= Thomas Baker (mathematician) =

English mathematician (1625–1689)

Thomas Baker (1625?–1689) was an English mathematician notable for producing a solution of biquadratic equations.

==Biography==
Baker is said to have been fifteen years old when he became a battler at Magdalen Hall, Oxford, in 1640. In spite of the puritanical education which, according to Wood, he received at the hall, 'he did some little petite service for his majesty within the garrison of Oxon.' It does not appear what was the nature of the 'little employments' through which, according to the same authority, he became 'minister' of Bishop's Nympton, in Devonshire. He was collated to the vicarage of Bishop's Nympton in 1681; but he seems to have lived for some years previously in that retired spot (perhaps as curate). His secluded life—as much of it at least as could be spared from professional occupations and the cares of a family—was devoted to mathematical studies. He speaks of himself as one 'who pretend(s) not to learning nor to the profession of the mathematic art, but one who(m) at some subcisive hours for diversion sake its study much delights.' He published in 1684 the 'Geometrical Key, or Gate of Equations Unlocked.' Montucla remembers having 'read somewhere' that Baker was imprisoned for debt at Newgate; upon which it was facetiously remarked that it would have been better for him to have had the key of Newgate than that of equations. That same year he was elected a Fellow of the Royal Society.

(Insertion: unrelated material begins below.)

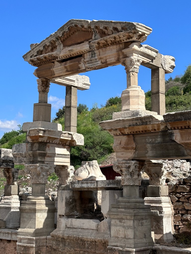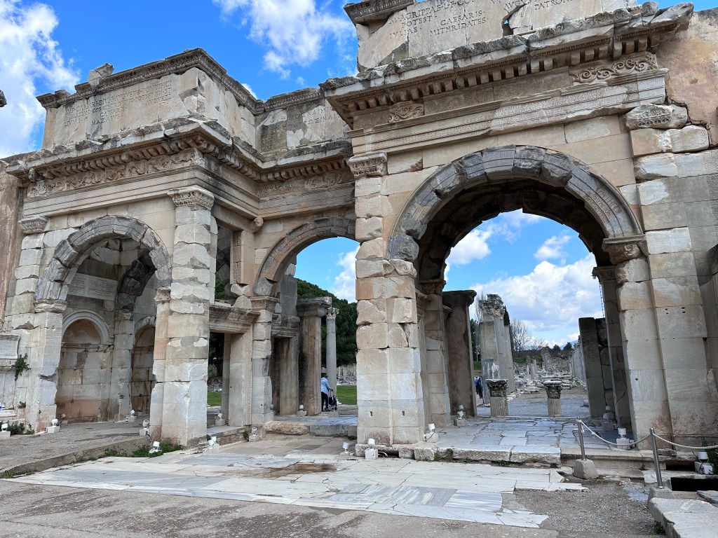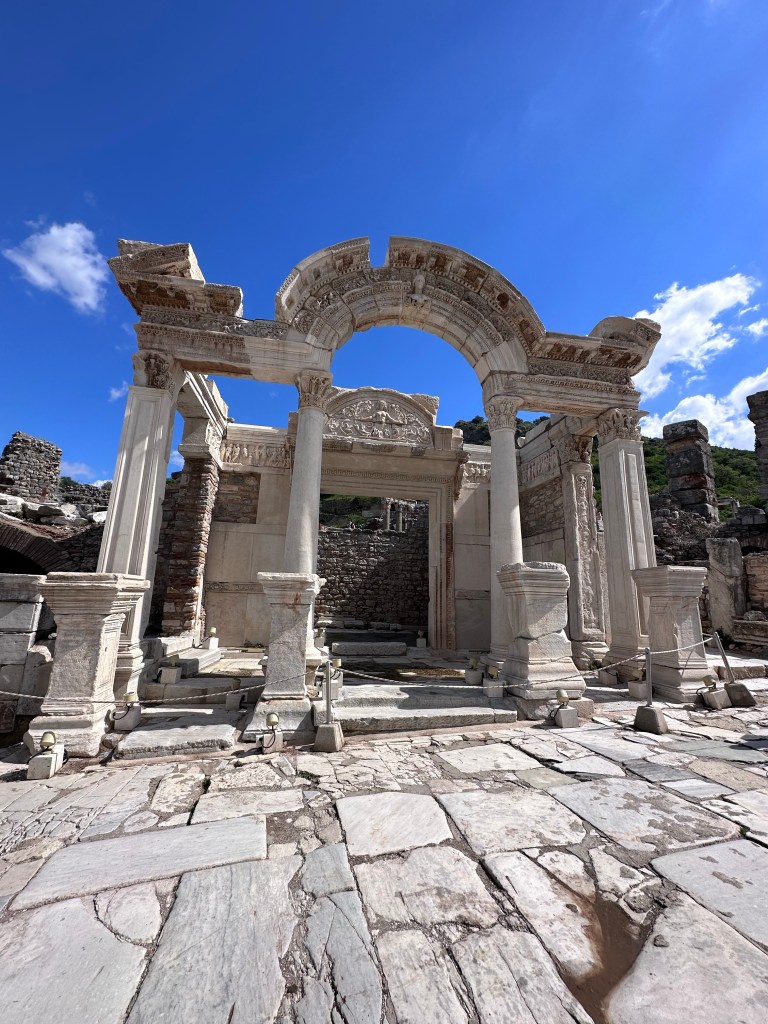 The major sites are the Great Theatre, the Roman Imperial Temple of Hadrian, the Fountain of Trajan, the Odeum, and the Celsus Library.

The leading idea of Baker's work is the solution of biquadratic equations (and those of a lower degree) by a geometrical construction, a parabola intersected by a circle. The method is distinguished from that of Descartes by not requiring the equation to be previously deprived of its second term. The general principle is worked out in great detail; the author being of opinion that conciseness, like 'a watch contrived within the narrow sphere of the signet of a ring,' is rather admirable than useful. Some account of the work is given in the 'Transactions of the Royal Society' (referred to below).

There exists a 'catalogue of the mathematical works of the learned Mr. Thomas Baker, with a proposal about printing the same.' The proposal was 'approved and agreed to by the council of the Royal Society,' but was not carried out.